My initial wording on different mixer UI coexistence was overly 
aggressive, and it did contain a disagreement. However, now I understand 
that all that would happen in the cases relevant in practice is limited 
to either having duplicate controls that move together, or a mixer 
displaying a (possibly empty) subset of all controls if it is running on 
a policy module it was not designed to work with. This cannot lead to 
any conflicts or ambiguous situations, and thus, in my new opinion, this 
is acceptable.

>   If there are many streams but only few volume
> classes, there are three ways to do it:
>
> 1) Streams reference the volume class volume control. Applications can
> show per-stream volumes if they want, but the stream volumes won't be
> independent.
This looks logical and useful.

> 2) The volume control reference in streams is null. Applications can't
> show per-stream volumes.
This looks just as logical, but less useful than (1) in the sense that a 
purely stream-oriented mixer interface will display an empty set of 
controls.

> 3) Streams have independent volumes in cascade with the volume class
> volume.
This invalidates the whole point of having only a few volume classes.
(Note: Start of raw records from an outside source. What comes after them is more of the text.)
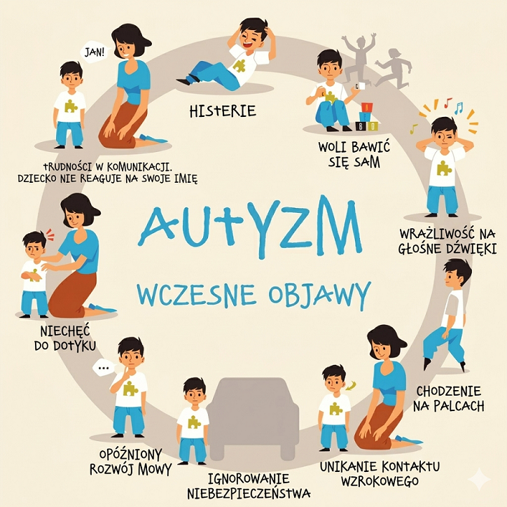 Wykrywanie: Pierwsze symptomy, takie jak brak kontaktu wzrokowego czy brak reakcji na własne imię, są zauważalne często już przed 2. rokiem życia. Wczesna diagnoza pozwala na szybsze wdrożenie odpowiedniej terapii.
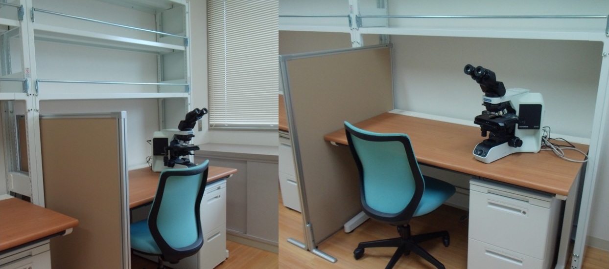 また当医局では、集中して勉強や鏡検出来る個人の作業スペースと専用の顕微鏡を配置しており、
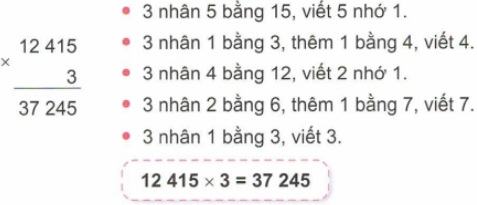 - Thực hiện phép nhân: Bắt đầu nhân từ phải sang trái, lần lượt nhân số có 1 chữ số với từng chữ số của số có 5 chữ số.
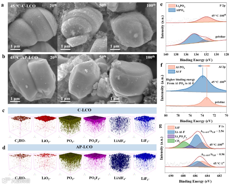 我们通过原位IR、XPS、SEM、TEM等方法揭示了AP-LCO表面CEI化学性质和形态的演变。在45°C下经过20、50和100次循环后,对AP-LCO和C-LCO的SEM测量显示,AP-LCO的粗糙表面随着循环逐渐演变为具有均匀且致密CEI的光滑表面。这个坚固的CEI增强了AP-LCO的颗粒完整性,100次循环后未见裂纹。相比之下,C-LCO表面大量副反应产物堆积,100次循环后形成了松散多孔的CEI。由于保护性较差,C-LCO的颗粒上出现明显裂纹。飞行时间二次离子质谱测试清楚地显示了CEI中各种化学物质的空间分布。
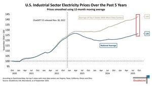Los precios de la electricidad industrial en EE. UU., en los 5 estados con más centros de datos, han subido un +43% en los últimos 5 años.
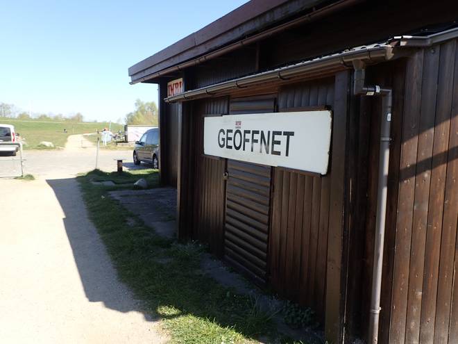 Am Hohendeicher See Tatsächlich gab es eine aus Versehen nicht verschlossene Toilette und einen geöffneten Imbiß. Minimalplan erfüllt. Ich holte mir einen Becher Coca-Cola, danach ging es weiter. |
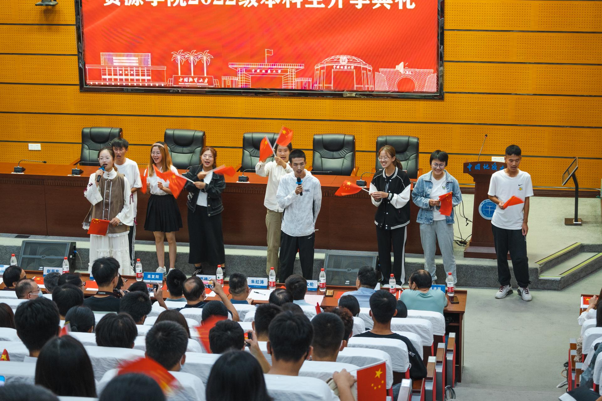 8:30,在雄壮的国歌声中,开学典礼正式开始。全体院领导,各系党支部书记、主任,2022级班主任,教师代表,院直全体老师,2022级助理班主任、“党员责任区”驻班党员,高年级学生代表,全体2022级本科生参加典礼。2022级本科生辅导员刘明辉主持典礼。
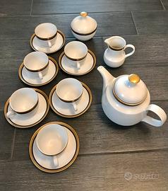 Vendo servizio da the vintage in porcellana con profili color oro e blu, in ottime condizioni. Servizio da 6 molto elegante,prodotto dalla ditta tedesca Kahla,così composto: 6 tazze 6 piattini 1 teiera 1 lattiera 1 zuccheriera Prezzo affare!!!! Non spedisco,solo ritiro a mano. Euro 23

If 
people want this, they should use a separate volume policy module that 
provides such combined model.

I have also reread the API page, and I think that it would be nice to 
specify event ordering and/or introduce a Sync event that is fired after 
a group of related changes (the idea comes from the SYN_REPORT event in 
the input subsystem).

Suppose that there is a mixer interface that wants (independently of any 
policy module) to display all volume controls, grouping them into two 
tabs: "routing nodes" and "everything else" (just for illustration). To 
do so, it would listen for RoutingNodeAddedEvent and 
VolumeControlAddedEvent (and the corresponding removals). On getting a 
VolumeControlAddedEvent, there is no way to decide on which tab to put 
this control. One solution would be to always put it onto the 
"everything else" tab, and move it if the corresponding 
RoutingNodeAddedEvent is emitted. But that is not flicker-free. With the 
Sync event, one would be able to avoid updating the GUI until getting it.